Land Registry – As long as the property is registered (most are) you are entitled to inspect the register and to receive copies of the entry relating to the freehold of your home. The entry will provide the name and address of the registered owner and details of any other interests in the freehold, including head leases and mortgages. There is a small fee for copies of the register.
There are a number of district land registries, and you should contact your nearest office to find the registry which serves the area your property is in.
Information notices – section 41 of the 1993 act gives you the right to serve notices on your immediate landlord, the freeholder (if different) or any other person with an interest in the property to ask for details of their interest.
This information would include the name and address of the freeholder or intermediate landlord, the length of the lease and details of the property the flat is in.
The people who receive the notices must respond within 28 days. Serving information notices does not formally start your application for the new lease or commit you in any way, and you will not become liable for any costs as a result of serving these notices.
Financing the lease
Before you begin, you will need to know how you will pay for the new lease. More urgently, you must make sure you can pay the solicitor’s and valuer’s professional fees. If you withdraw your application after serving your notice, you must pay the landlord`s reasonable legal and surveyor`s costs (and your own costs) up to the date you withdraw your application.

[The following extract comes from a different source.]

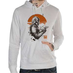 Plongez dans une fusion unique entre science-fiction et art traditionnel avec cette illustration du Mandalorian tenant Baby Yoda devant un somptueux coucher de soleil. Inspirée du style des estampes japonaises, cette scène mêle harmonie et épique, capturant la beauté d’un moment intime entre les deux personnages. Avec des couleurs douces et des détails élégants, ce design séduira les amateurs de l’univers galactique et les passionnés d’art. Disponible sur t-shirts, sweats et tote bags, il apporte une touche raffinée et cosmique à votre style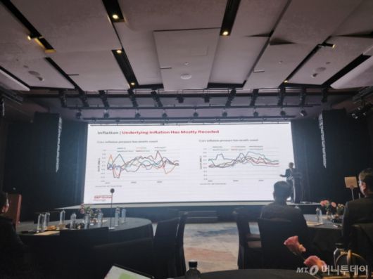 미국 금리 인하 시점은 내년 하반기로 전망했다. 커쉬 이코노미스트는 "미국의 경우 내년 하반기 정책금리가 하락할 것"이라며 "시장의 예상만큼 큰 폭으로 줄어들지는 않을 것"이라고 내다봤다.

Preparing the tenant’s notice
The tenant’s notice triggers the legal procedures for buying the new lease and you are liable for the landlord’s reasonable costs from the date they receive it. So it is important that the notice is accurate and contains no mistakes because, although you can apply to the county court to have these corrected, there is a cost involved in doing this and you could avoid this expense. If the tenant’s notice is incomplete it will not be valid and the competent landlord can reject it.
If the ‘competent landlord’ is not the immediate landlord, you must serve the original notice on the competent landlord and send copies to the other landlords. The notice to the competent landlord should state who else you have given a copy to.
You can register the tenant’s notice with the Land Registry. This protects you if the landlord sells the freehold, as the procedure will be able to continue as though the new owner had received the original tenant’s notice.
Serving the tenant’s notice also fixes the ‘valuation date’ as the date of the notice. The valuation date is when any figures which affect the price and which can change are set, for example, the number of years left on the lease and the present value of the flat. So, however long it takes to negotiate or decide the price, the price will be based on the figures that apply on the date you serve the tenant’s notice.
We advise you to instruct a solicitor to prepare and serve the tenant’s notice.
The tenant’s notice
Under section 42(3) of the 1993 act, the tenant’s notice must contain the following.
- Your full name and the address of the flat.
- Enough information about the flat to identify the property the application relates to.
- Details of the lease, including its start date andthe number of years for which it was granted.
- The premium you are proposing for the new lease or other amounts you are proposing to pay if there are intermediate leases involved (see the note below).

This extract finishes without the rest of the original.